One clearly disruptive player in Internet communications is Google Fiber ( see “When Will the Rest of us Get Google Fiber?”) which is showing it’s possible to provide ultra-fast Internet in the United States for far less cost than people are paying now for slow service. The rub is this: most people want television with their Internet. While Google did strike some content deals to offer TV with Google Fiber, the battle for Internet service often comes down to a battle over who’s got the best content package – with sports channels being particularly in demand.
That’s why this post in All Things D intrigues. The writer suggest suggests Google may be interested in buying the rights to the NFL’s “Sunday Ticket” package, now offered by DirecTV, which gives football addicts every game televised in other markets, together with all manner of ways to consume game highlights. The nub of the piece: ”Today, according to sources, Google CEO Larry Page, along with YouTube content boss Robert Kyncl, met with a delegation from the NFL led by commissioner Roger Goodell. And the Sunday Ticket package was among the topics of discussion, according to people familiar with the meeting.”

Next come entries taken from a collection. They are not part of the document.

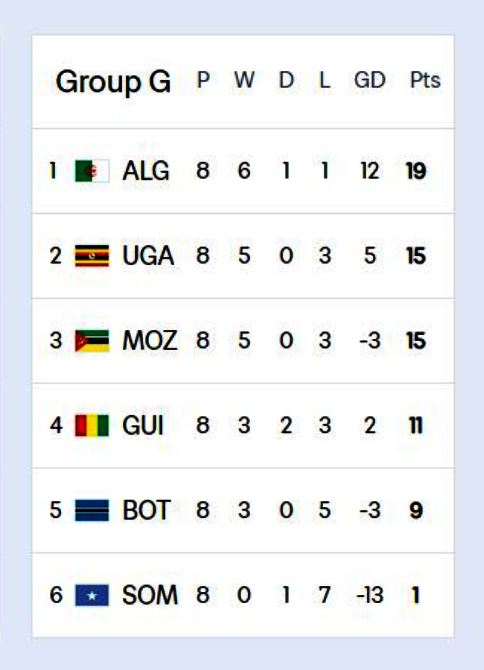 وقبل مواجهة “الخضر”، تلعب أوغندا بعيدا عن الدّيار مرّة أُخرى، لكن ضدّ منتخب بوتسوانا في الـ 9 من أكتوبر المقبل، ضمن إطار الجولة التاسعة من تصفيات المونديال.
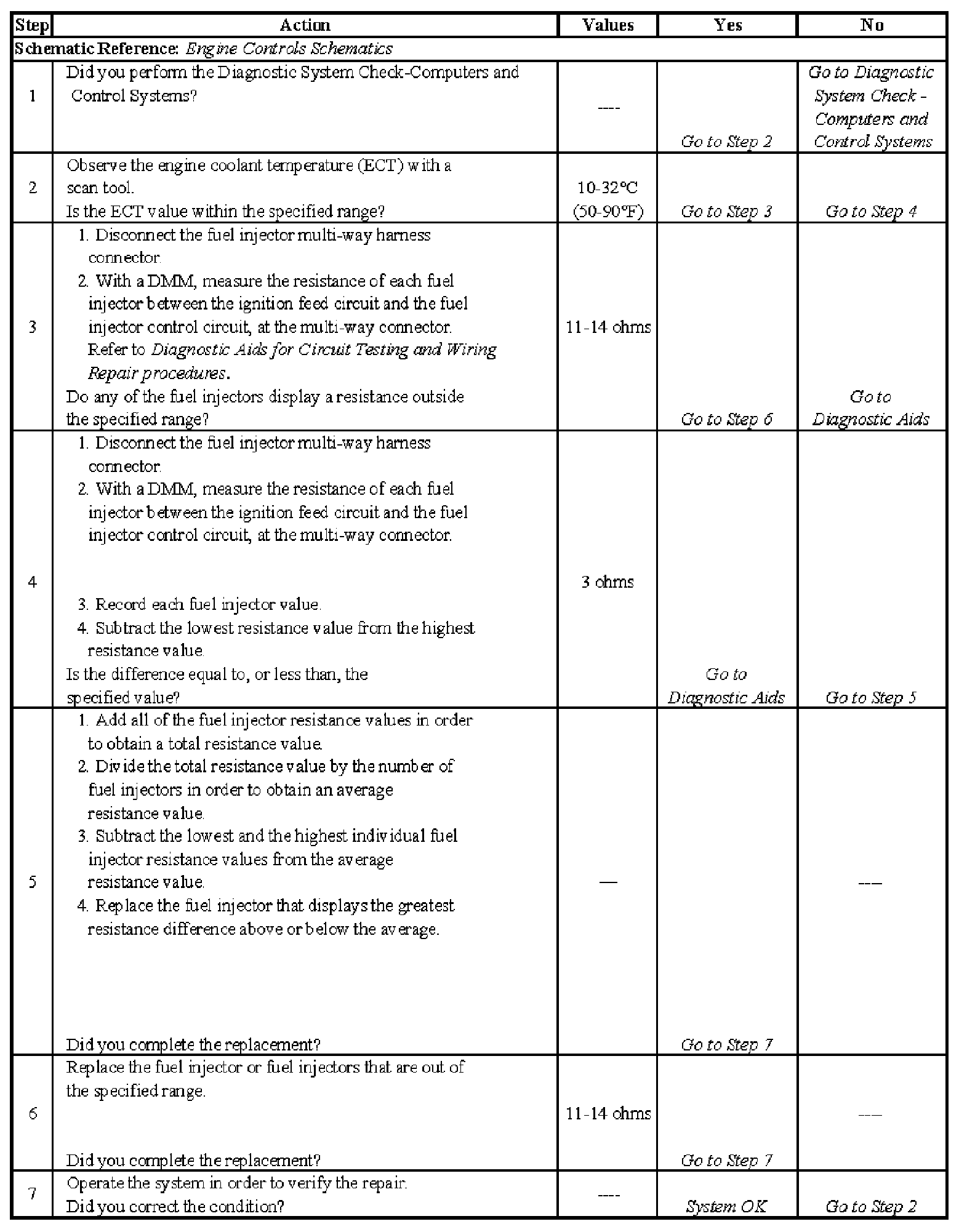 3. This step tests each fuel injector resistance within a specific temperature range. If any of the fuel injectors display a resistance outside the specified value, replace the fuel injector.
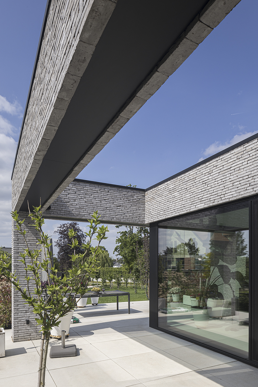 Voor Monica en Patrick mocht het iets minder alledaags zijn. En dat vonden wij ook wel eens leuk. Onze architecte heeft zich dan ook van haar beste kant laten zien, getuige o.a. mooie overkragingen, een glazen loopvloer, glas tot tegen de dakrand en de zwevende balken in metselwerk boven het terras.
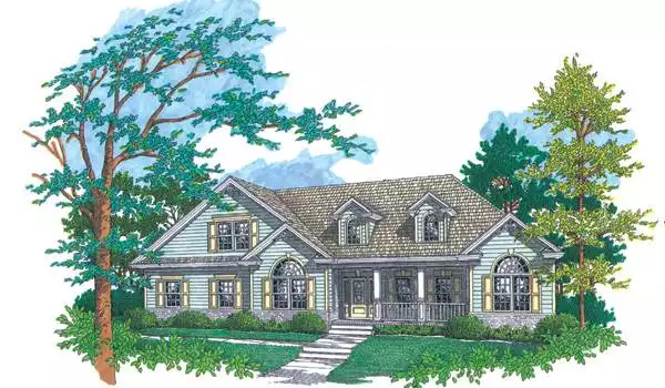 A warm rural feel is created by the covered porch. Features long favored in the south are a highlight of this plan. Tall ceilings give spacious impressions and attic storage is accessible from a full stair not a pull down. The bedroom behind the garage could be an in home office.
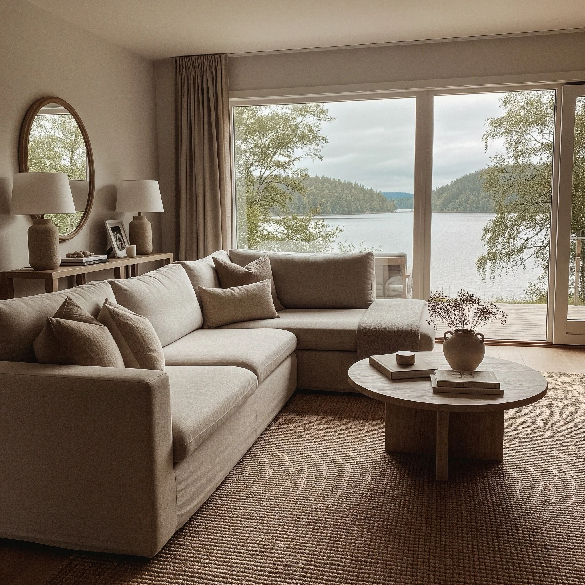 Clear sightlines to the lake from entry; balanced scale makes room feel larger.
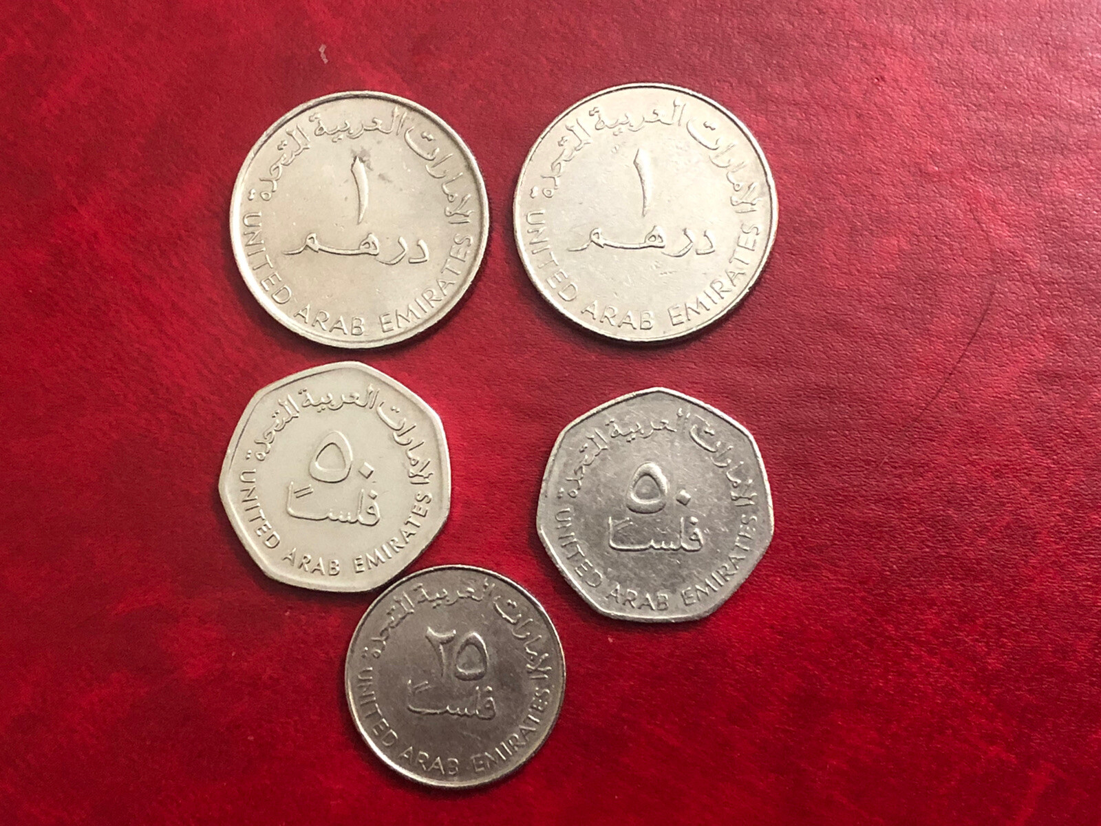 Lot of 5 United Arab Emirates UAE 1 Dirham Coins - All Different Dates #WA93013

A Google spokesman, Jay Nancarrow, said the company had no comment on the report. But if Google/YouTube plunked down the cash for “Sunday Ticket”–and folded it into their TV and fiber offerings–it would certainly help accelerate the course of Google Fiber’s Internet disruption in the U.S., even if some of the company’s ideas for Internet expansion abroad are a bit more outlandish (see “African Entrepreneurs Deflate Google’s Internet Balloon ”). And it could also help breathe life into Google’s other forays into television–a recently-announced dongle that lets you play Internet video on your TV (see “Google Launches a Dingle to Bring Online Video to TV”), and the set-top boxes called “Google TV” that have so far struggled in the marketplace (see “Google Breathes New Intelligence Into its TV”).